Throughout the film, we’ve seen various desperate attempts to change the system by ignoring the usual rules: Batman originally thought he could inspire change by being a cultural exemplar, but only ended up causing a bunch of kids to get themselves hurt by dressing up as him. Dent thought he could clean up the system by pushing righteously from the inside, but ended up cutting more and more ethical corners until his own personal obsessions ended up making him a monster. The Joker had by far the most interesting plan: he hoped to out-corrupt the corrupters, to take their place and give the city “a better class of criminal”.

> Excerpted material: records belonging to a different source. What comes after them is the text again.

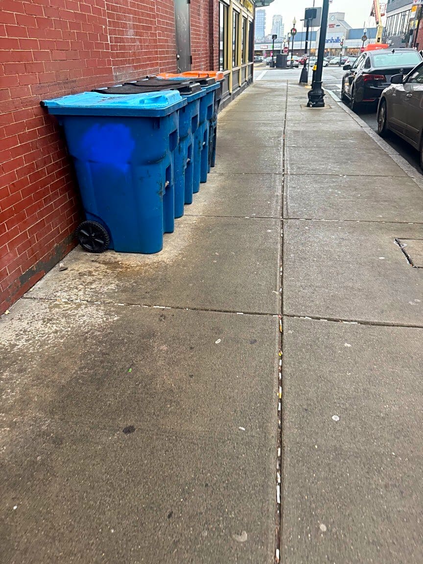 7 Saratoga St, East Boston, Ma, 02128Trash cans out on public sidewalk
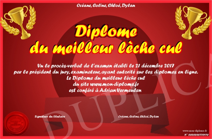 Envoyez par email votre Diplôme du meilleur lèche cul personalisé
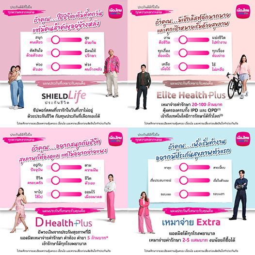 และเพื่อเป็นการตอกย้ำเป้าหมายที่ต้องการให้ประกันชีวิตเข้าถึงทุกกลุ่มเป้าหมายในสังคม ล่าสุด บริษัทฯ จึงได้เปิดตัวแคมเปญ MTL ประกันดีดีที่ใส่ใจ…ทุกความหลากหลาย จากเมืองไทยประกันชีวิต” เพราะ “ทุกคน” มีความเป็นตัวเอง ที่ไม่เหมือนกัน เมืองไทยประกันชีวิต จึงได้ออกแบบแผนประกันสำหรับทุกความต้องการเลือกได้ทั้งแบบประกันที่ดูแลเรื่องความคุ้มครองชีวิต หรือความคุ้มครองสุขภาพที่เลือกได้ในแบบที่เป็นคุณ ไม่ว่าจะเป็น
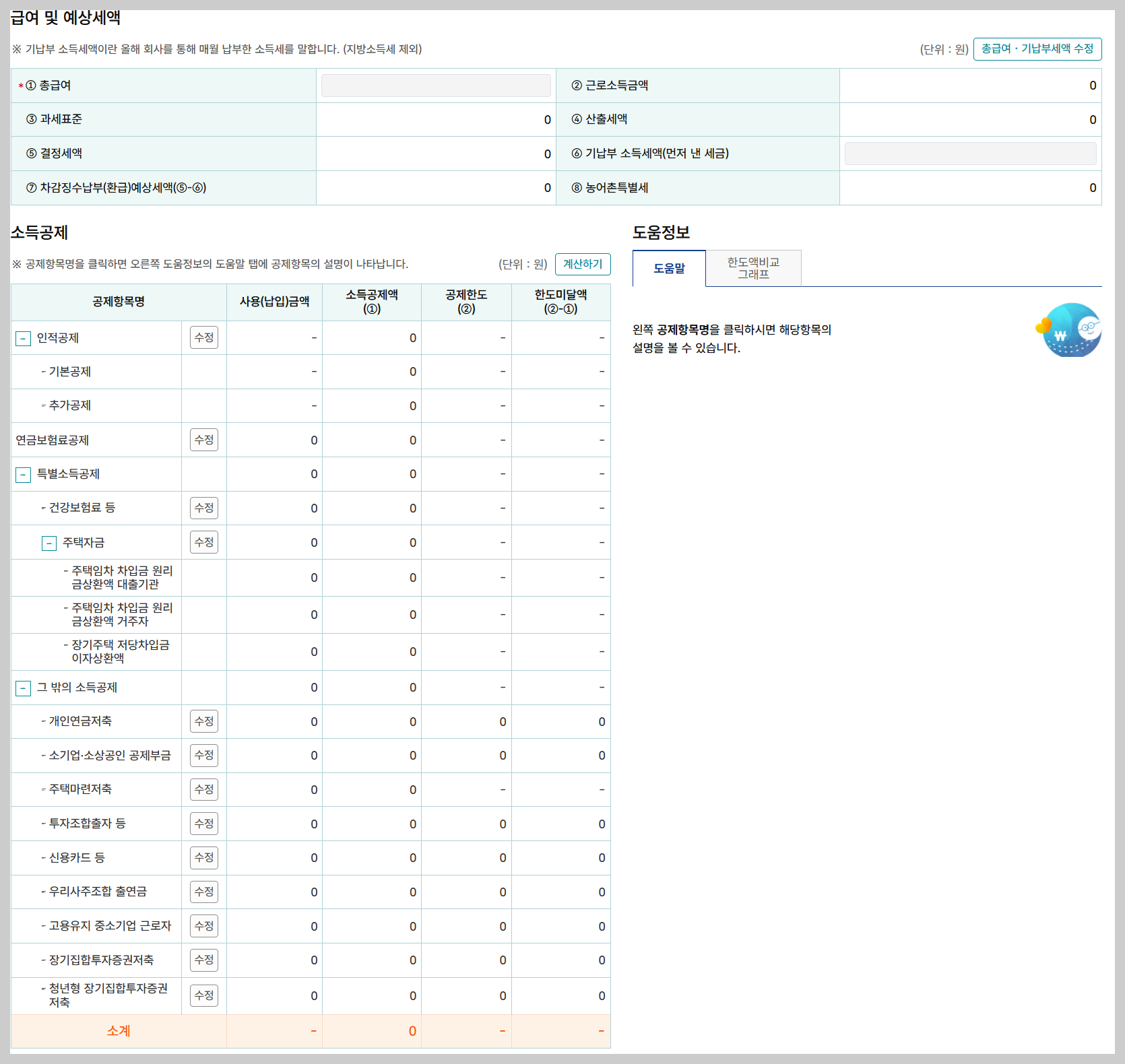 5. 인적공제, 소득공제, 세액공제 항목을 선택하고 상세 정보 입력!
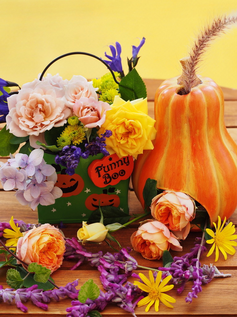 かわいい!!季節を感じるアレンジいいですね♪娘が学校でパーティがあるようで変な格好?!準備してました^^
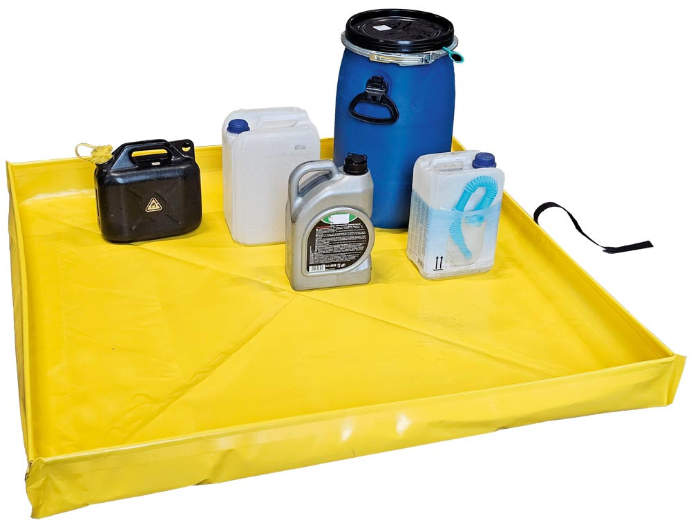 ∙ Schnell, flexibel und einfach einzusetzen ∙ Zusammenrollbar, mit Klettverschluß zur Befestigung ∙ Glasfaserverstärkt für hohe Stabilität ∙ Für den Einsatz im Innen- und Außenbereich geeignet ∙ Ideal für Wartungsarbeiten, z.B. für das Reinigen von öligen Werzeugen und Maschinenteilen · Ideal zur Lagerung von Kleingebinden
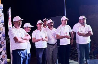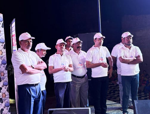 A group of people dressed in formal attire with orange ties are posing for a group photo indoors. The background features intricate ceiling patterns and two flags, one of which is the Indian flag. The individuals are showing gestures with their hands, and there is a sense of unity and formality.
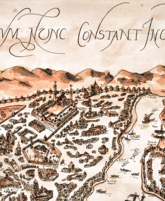 This piece is my personal interpretation of Constantinople, inspired by the 16th‑century city view Byzantium nunc Constantinopolis by Georg Braun and Frans Hogenberg, German cartographers whose detailed work captured the city at the height of Ottoman power under Sultan Süleyman I (1520–1566).
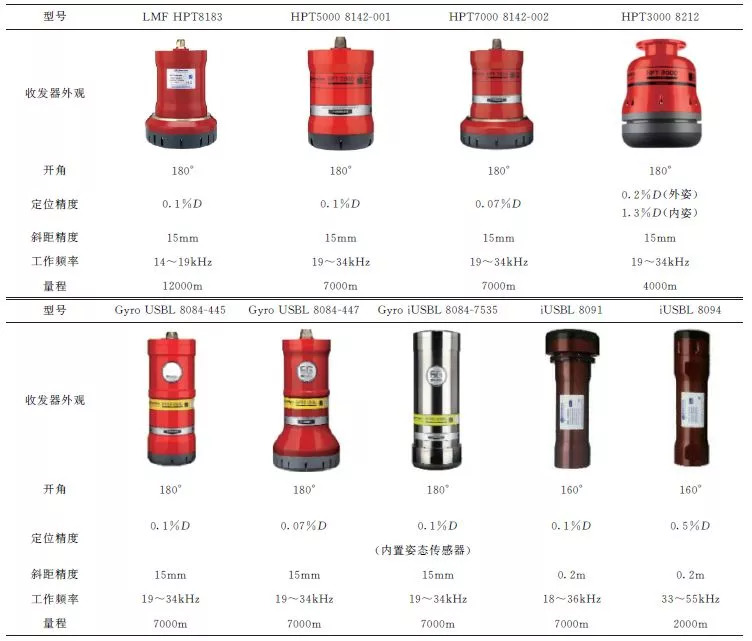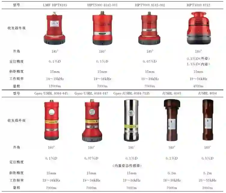 Ranger-USBL是该公司主打的一款中频系列,适用范围从浅水到深水均可。一代Ranger工作频段为18~36kHz,作用距离6000m。在使用单频信号的情况下斜距测量精度为0.2m,而在宽带信号工作条件下斜距测量精度可达到0.03m,定位精度为0.1%D。一代目前已退出市场,取而代之的是新一代的Ranger2和Mini-Ranger2,前者作用距离超过7000m,后者主要服务于1000m 内的近海区域。Ranger2系列中还有多款型号集成了内置姿态/惯性传感器,能够免校准输出高精度定位结果。此外,Ranger-USBL还使用了宽带技术,可以提供传输速率高达1500bit/s的水声通信服务。表4所示为Ranger2系列的多款声头性能参数。
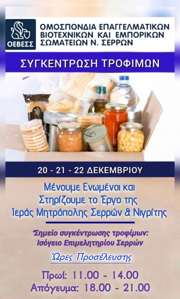 Η συγκέντρωση τροφίμων θα πραγματοποιηθεί στις 20 – 21 και 22 Δεκεμβρίου στο ισόγειο του Επιμελητηρίου των Σερρών, πρωινές και απογευματινές ώρες, 11.00 – 2.00πμ και 18.00 – 21.00
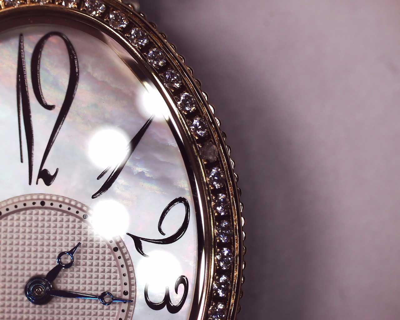 Unique. Женские часы с овальным корпусом. Центральная часть перламутрового циферблата украшена гильоше. Метки в виде арабских цифр. Рифленая заводная головка находится в положении 4 часа. Надежный стальной браслет с раскладывающейся застежкой.
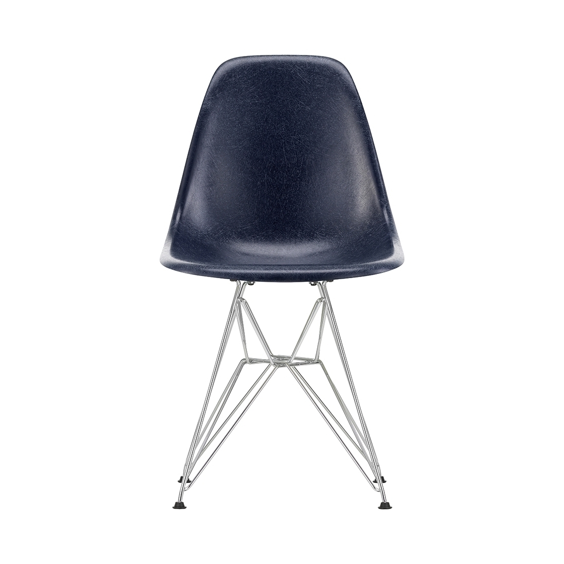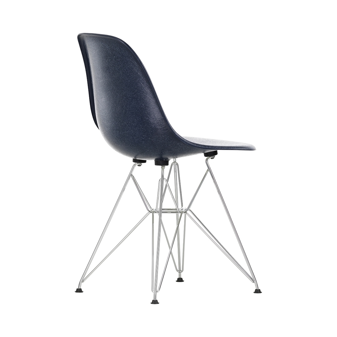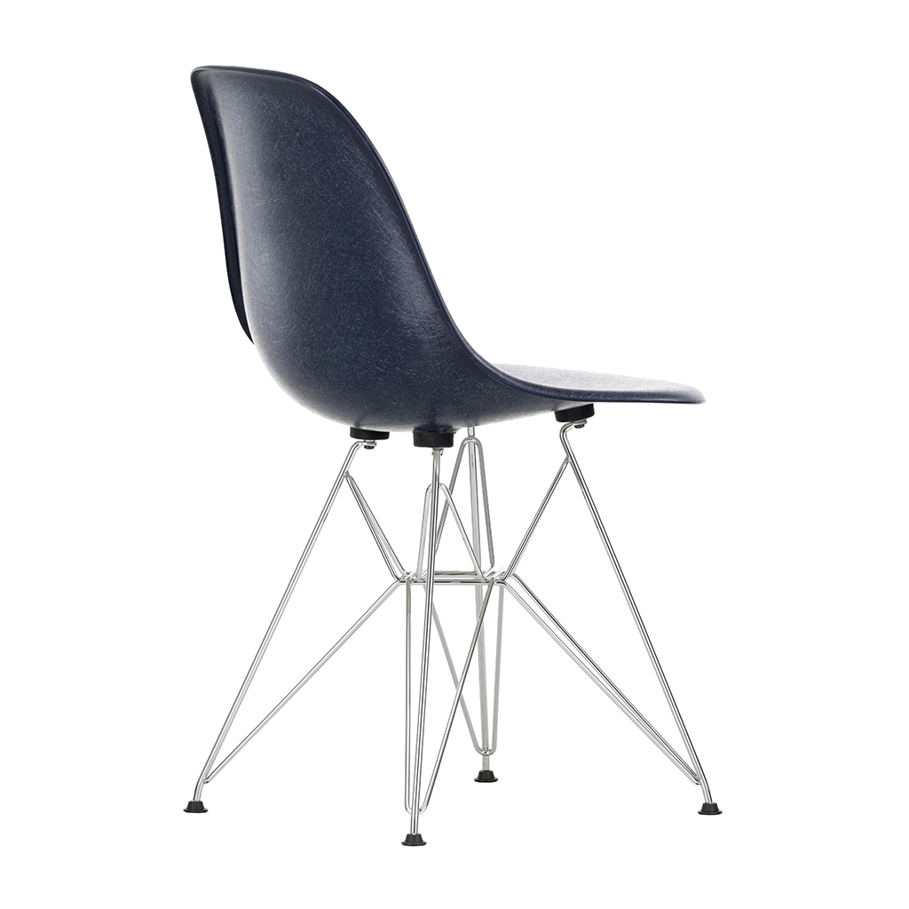 This edition of Charles and Ray Eames' DSR Fiberglass Side Chair for Vitra features a chrome base and a navy-blue seat. Originally launched in 1950, the Fiberglass Chair Collection introduced the idea of the multifunctional chair, featuring shells that could be combined with a variety of bases, and soon became one of the best-known furniture pieces of the twentieth century. Now referred to as 'The Chair of a Century', the DSR Chair's shell displays the characteristic irregular surface of fibreglass, which appears almost like a natural material thanks to its clearly visible fibres. An organic yet contemporary form, the seat rests upon a striking chrome wire 'Eiffel' base with cross struts and features rubber shock mounts to support longer periods of sitting down. In continual development for the modern user, Vitra has revised the geometry of the seat to achieve optimum ergonomics and comfort.

And the crazy thing is that it works! At the end of the movie, the Joker is alive, the gangsters and their money launderers are mostly dead, and their money has been redistributed (albeit though the deflationary method of setting it on fire). And, as we see from the beginning of the third movie, this is a fairly stable equilibrium: with politicians no longer living in fear of the gangsters, they’re free to adopt tough anti-crime policies that keep them from rising again.3

The movie concludes by emphasizing that Batman must become the villain, but as usual it never stops to notice that the Joker is actually the hero. But even though his various games only have one innocent casualty, he’s much too crazy to be a viable role model for Batman. His inspired chaos destroys the criminals, but it also terrorizes the population. Thanks to Batman, society doesn’t devolve into a self-interested war of all-against-all, as he apparently expects it to, but that doesn’t mean anyone enjoys the trials.

Thus Master Wayne is left without solutions. Out of options, it’s no wonder the series ends with his staged suicide.